Each line of the entries below that holds "Dialog" is needed, copied in full.

***** Input records

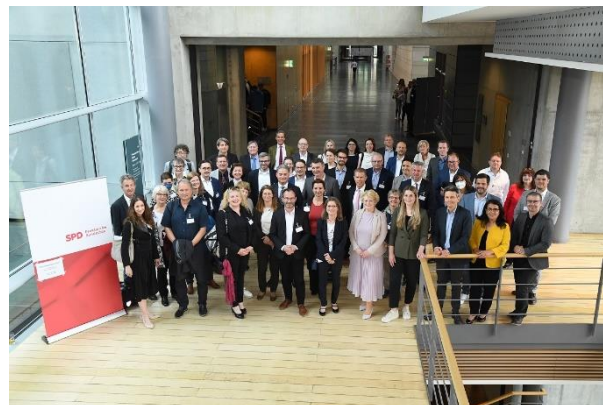
Tourismuspolitischer Dialog

Am 10.05.2022 lud die SPD-Bundestagsfraktion touristische Spitzenverbände zum tourismuspolitischen Dialog in den Bundestag. In Gesprächen mit den Abgeordneten und dem tourismuspolitischen Sprecher Stefan Zierke konnte der ADFC die Bedeutung des Radtourismus, auch für den Alltagsverkehr, verdeutlichen.
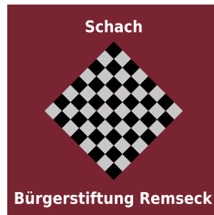
Logo: Gerald Winkler

Beim Schachabend der Bürgerstiftung gibt es keine Meinungsverschiedenheiten. Hier wird Schach nicht wettkampfmäßig betrieben, sondern allein als Freizeitbeschäftigung. Wobei der Ehrgeiz zum Gewinn einer Partei durchaus vorhanden ist. Die nächste Möglichkeit, die Schachgruppe kennen zu lernen, ist am Montag, 7. Oktober . Ab 19 Uhr wird im Haus der Bürger in Aldingen gespielt. Wer sich für das Schachspiel interessiert, ist gerne willkommen.
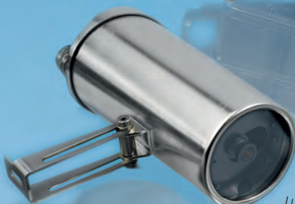
Lumiglas-VISULEX-Kamera (Nicht-Ex) mit Festobjektiv, Typ K 15, Edelstahl
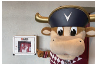
公式マスコット:モーヴィinノエスタ
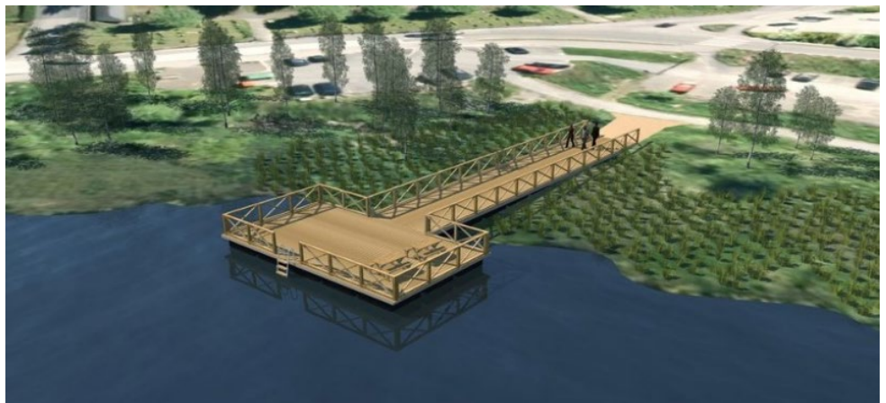
Giver får sitt navn på en sponsorplate som blir stående for alltid på bryggen

«Dette er en sak og gave som vil få positiv omtale. Det vil være en fin måte å få profilert klubben i nærmiljøet».
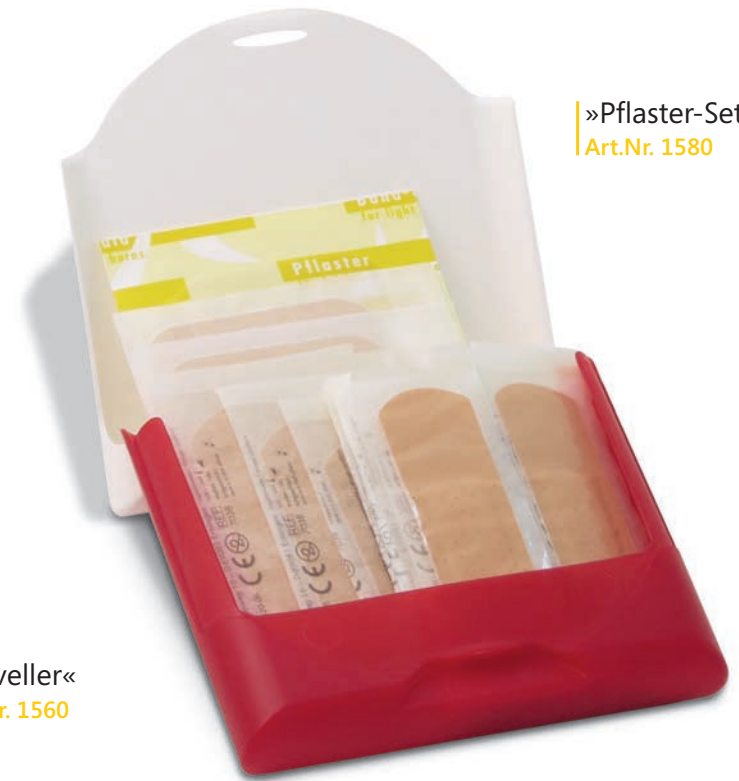
»Pflaster-Set« Art.Nr. 1580
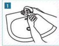
1 Ellerimizi suyla ıslatalım
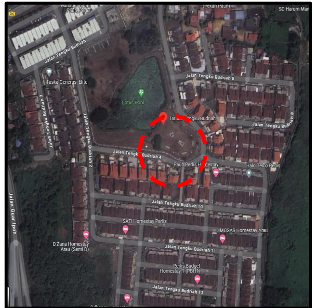
Taman Tengku Budriah
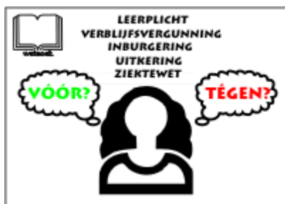
Prent 3. Democratie

**********

• The completed task
Tourismuspolitischer Dialog
Am 10.05.2022 lud die SPD-Bundestagsfraktion touristische Spitzenverbände zum tourismuspolitischen Dialog in den Bundestag. In Gesprächen mit den Abgeordneten und dem tourismuspolitischen Sprecher Stefan Zierke konnte der ADFC die Bedeutung des Radtourismus, auch für den Alltagsverkehr, verdeutlichen.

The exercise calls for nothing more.